Bad Day

Oct 16, 2003 01:58

Yeah, it's been one of them days. Have you ever woken up and felt like crap? Well that's how I feel right now, like utter crap. I dunno, I'm just tired of everything and everyone. If I could go to sleep and just never wake up, I'd be so happy. I don't care who will miss me [believe me, it's not many], just as long as I'm at peace with myself. But that's not gonna happen, so yeah life is gonna keep on kicking me in the ass. Whoo.

College sucked today [computer class...fuckin' hate it]. TV sucked today [Yankees lost, Cubs lost the Division, Angel was blah (sorry Romeo, just wasn't into it until Spike at the end with Fred), Smallville was the only plus (Jesse Metcalfe ruled)]. People on the street were giving me dirty looks for some reason [ask them cuz I dunno]. No motivation to continue with Dtv at this point [keep wondering if I'm just wasting my time]. Everything in general just sucked and it still does. My mood has been turning off some people...GOOD. That's what I want. I only care about myself at this point. That may be hard for some people to understand, but I'm being selfish for once in my life. So if you guys wanna talk to me, I'll give ya the signal to once I feel better. But for the time being, stay out of my way.

New layout for The Texas Chainsaw Massacre remake starring Jessica Biel, which comes out on Friday. Heard good things about it and plan to see it this weekend. You'll get a review on it, as well as the four original TCM movies sometime this weekend.

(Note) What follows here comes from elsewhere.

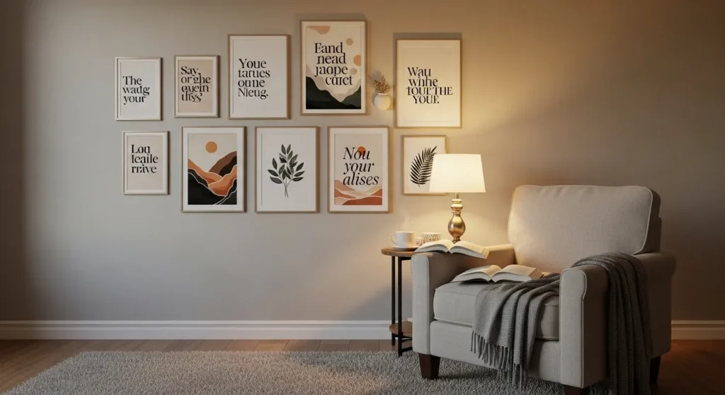 A gallery wall adds personality and inspiration to your nook. Mix framed illustrations, motivational quotes, or personal prints to reflect your tastes while making the wall visually engaging.

Here are the reviews for the first 3 Hellraiser movies. I've only seen the first 3 of 6, which is why I won't review the other ones, but maybe when I finally sit down and watch 4-6, I'll write reviews for them. But for now, take what you can get.



Directed by: Clive Barker
Starring: Andrew Robinson/Larry
Clare Higgins/Julia
Ashley Laurence/Kristy
Sean Chapman/Frank
Year: 1987

PLOT SUMMARY:
A man finds he is given more than he bargains for when he solves the puzzle of the Lamont Configuration - a doorway to hell. But his ex-lover has found a way of bringing him back, and his niece, Kirsty Lawrence, finds herself bargaining with the Cenobites, angels to some, demons to others, whose greatest pleasure is the greatest pain.

MY TWO-CENTS:
The famous Hellraiser movie. I saw it when I was younger, and didn't care for it. I decided to check it out again recently, more mature. You definitely need to be more mature to understand this movie and it's story. There's things only miserable adults can understand.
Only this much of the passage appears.